* Raw data *
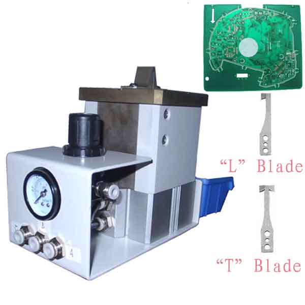 三,氣動鉤刀式PCB分板機(jī),CWV-LT(利于“T”或“L”型鉤刀刀片沖切來進(jìn)行分切,當(dāng)客戶需要分切異形PCB板的型號及數(shù)量不多時可選用此種方式,具有較高的經(jīng)濟(jì)性。)
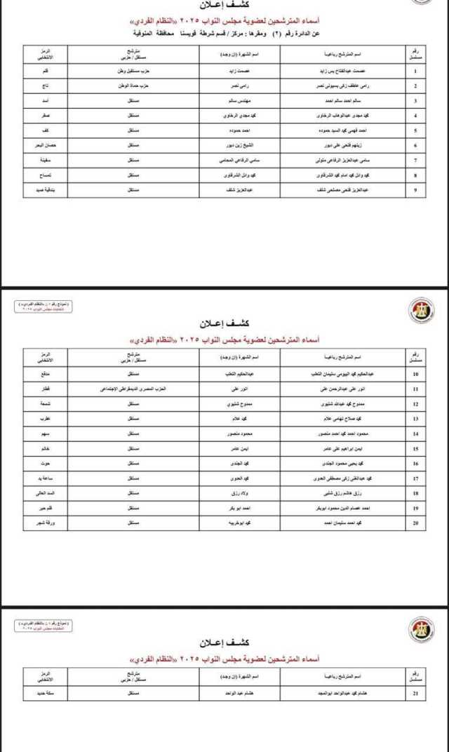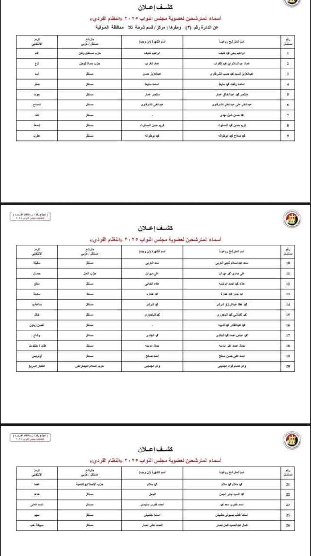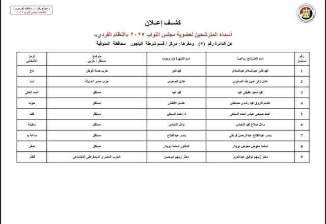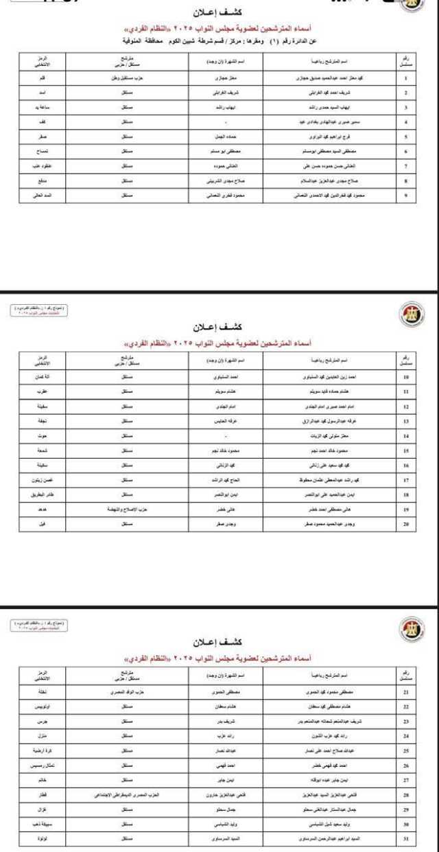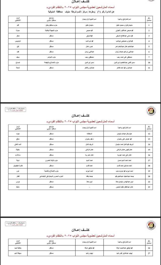 الوطنية للانتخابات تكشف عن الأسماء المبدئية لمترشحي الفردي في دوائر المنوفية لانتخابات النواب 2025
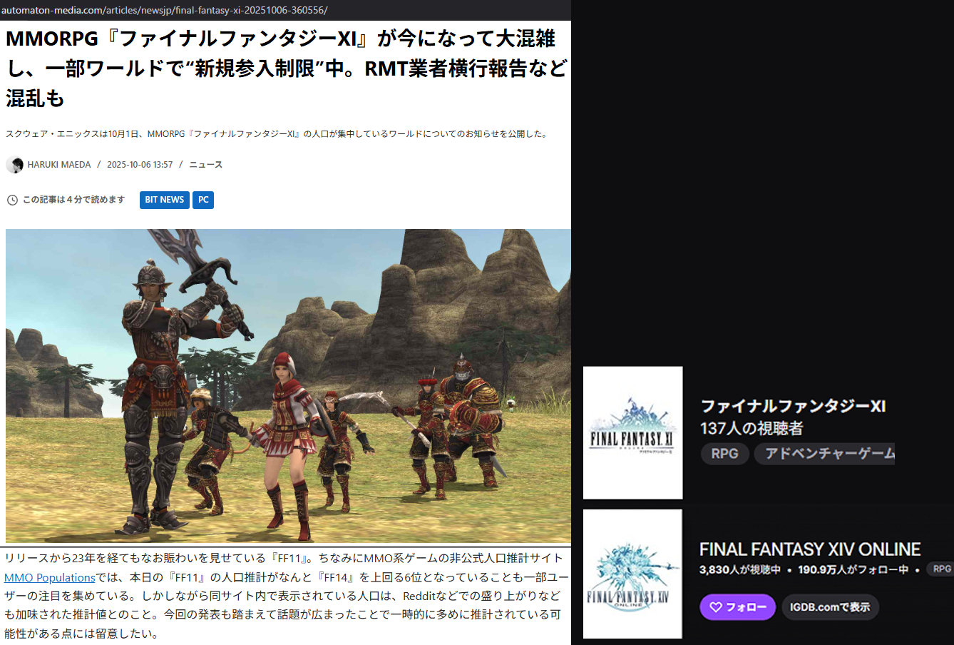 | … | 293無念Nameとしあき25/11/19(水)02:40:44No.1367134651+FF11より先にFF14の方が消えそうというのはこのリハクの目を持ってしてもよめなかったぶい |
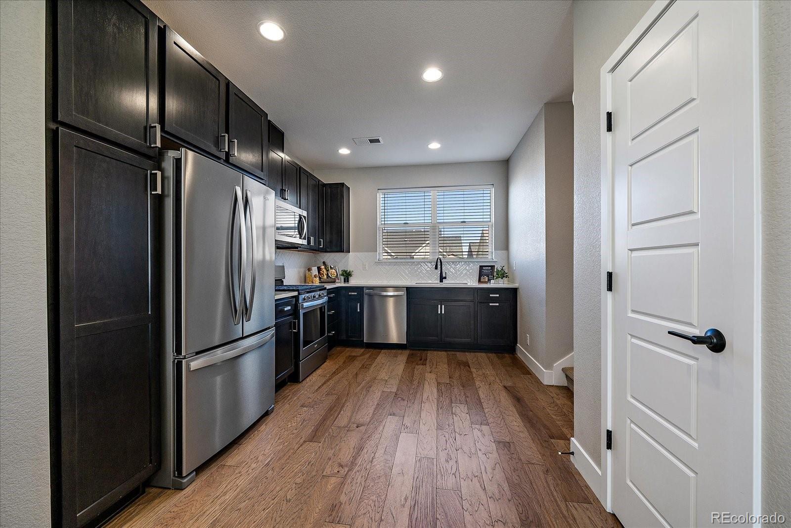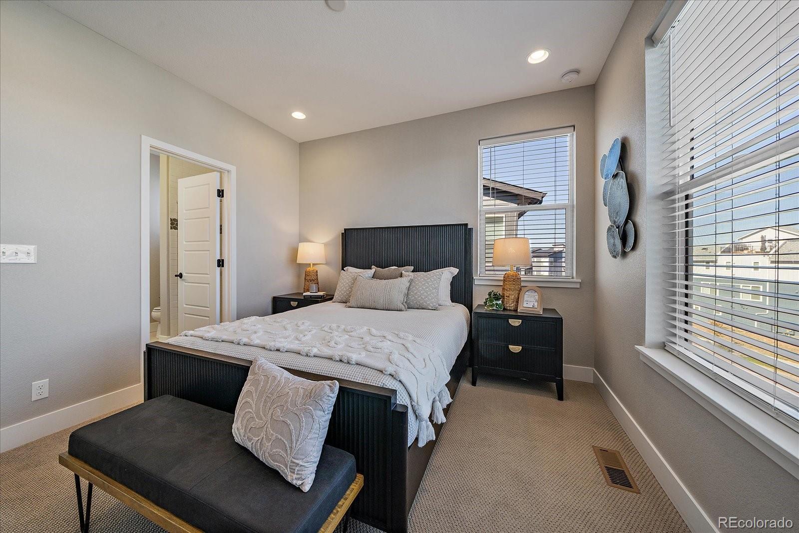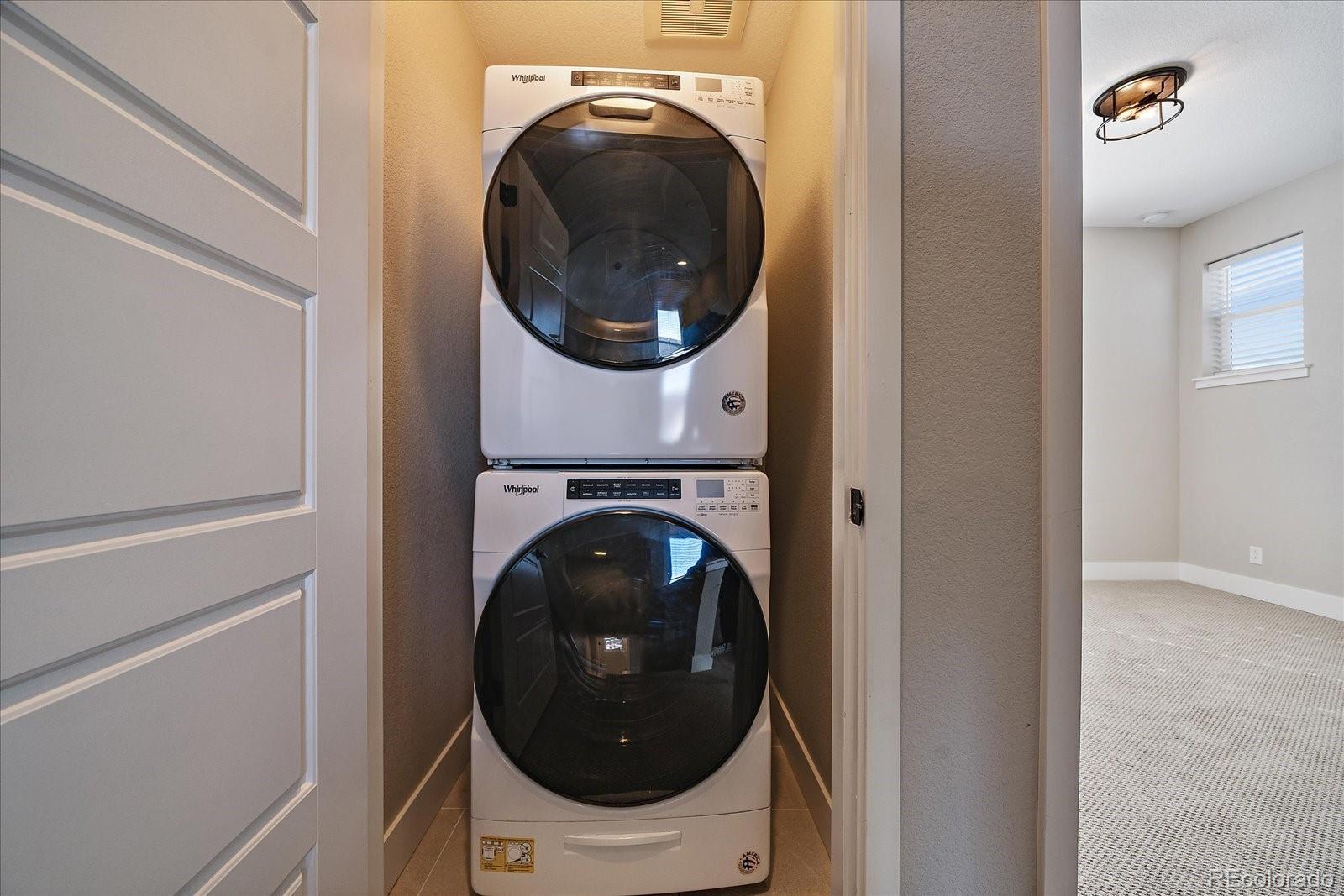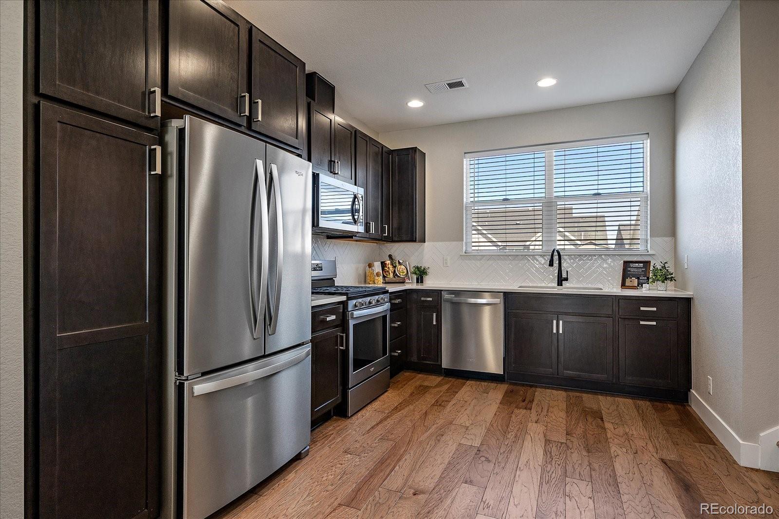This stunning home combines modern design with sustainable living. Step inside to discover an open-concept main level with soaring 9-foot ceilings, a spacious kitchen featuring sleek stainless steel appliances, quartz countertops, a built-in pantry, and a stylish subway tile backsplash. The dining area flows seamlessly into the great room — perfect for entertaining or relaxing with friends and family. Upstairs, you'll find two spacious bedrooms, each with its own private bath and walk-in closet, along with a convenient upper-level laundry room and linen closet. The versatile DoMore space on the entry level is designed to adapt to your lifestyle...ideal for a home gym, office, creative studio, or just more storage. Interior finishes are absolutely gorgeous, featuring engineered wood flooring throughout main level, modern design touches, and thoughtful details in every corner. Enjoy comfort and peace of mind with energy-efficient features including solar panels, air conditioning, a tankless water heater, an active radon system, and an oversized one-car garage with a WiFi-enabled door opener. Solar lease is only $45/month. Built by Thrive Homes, this residence meets the highest standards of innovation and health. It is Zero Energy Ready, EPA Indoor airPLUS Qualified, and LEED Certified, ensuring superior efficiency and cleaner indoor air. Perfectly located between Denver and Boulder in the vibrant Baseline community, this home offers the ideal blend of convenience, sustainability, and style. Move-in ready! Schedule your private tour today!

* Goal of the exercise *
Print the entire listing above verbatim. No picture should be included.

* Problem solution *
 三,氣動鉤刀式PCB分板機(jī),CWV-LT(利于“T”或“L”型鉤刀刀片沖切來進(jìn)行分切,當(dāng)客戶需要分切異形PCB板的型號及數(shù)量不多時可選用此種方式,具有較高的經(jīng)濟(jì)性。)
 الوطنية للانتخابات تكشف عن الأسماء المبدئية لمترشحي الفردي في دوائر المنوفية لانتخابات النواب 2025
 | … | 293無念Nameとしあき25/11/19(水)02:40:44No.1367134651+FF11より先にFF14の方が消えそうというのはこのリハクの目を持ってしてもよめなかったぶい |
This stunning home combines modern design with sustainable living. Step inside to discover an open-concept main level with soaring 9-foot ceilings, a spacious kitchen featuring sleek stainless steel appliances, quartz countertops, a built-in pantry, and a stylish subway tile backsplash. The dining area flows seamlessly into the great room — perfect for entertaining or relaxing with friends and family. Upstairs, you'll find two spacious bedrooms, each with its own private bath and walk-in closet, along with a convenient upper-level laundry room and linen closet. The versatile DoMore space on the entry level is designed to adapt to your lifestyle...ideal for a home gym, office, creative studio, or just more storage. Interior finishes are absolutely gorgeous, featuring engineered wood flooring throughout main level, modern design touches, and thoughtful details in every corner. Enjoy comfort and peace of mind with energy-efficient features including solar panels, air conditioning, a tankless water heater, an active radon system, and an oversized one-car garage with a WiFi-enabled door opener. Solar lease is only $45/month. Built by Thrive Homes, this residence meets the highest standards of innovation and health. It is Zero Energy Ready, EPA Indoor airPLUS Qualified, and LEED Certified, ensuring superior efficiency and cleaner indoor air. Perfectly located between Denver and Boulder in the vibrant Baseline community, this home offers the ideal blend of convenience, sustainability, and style. Move-in ready! Schedule your private tour today!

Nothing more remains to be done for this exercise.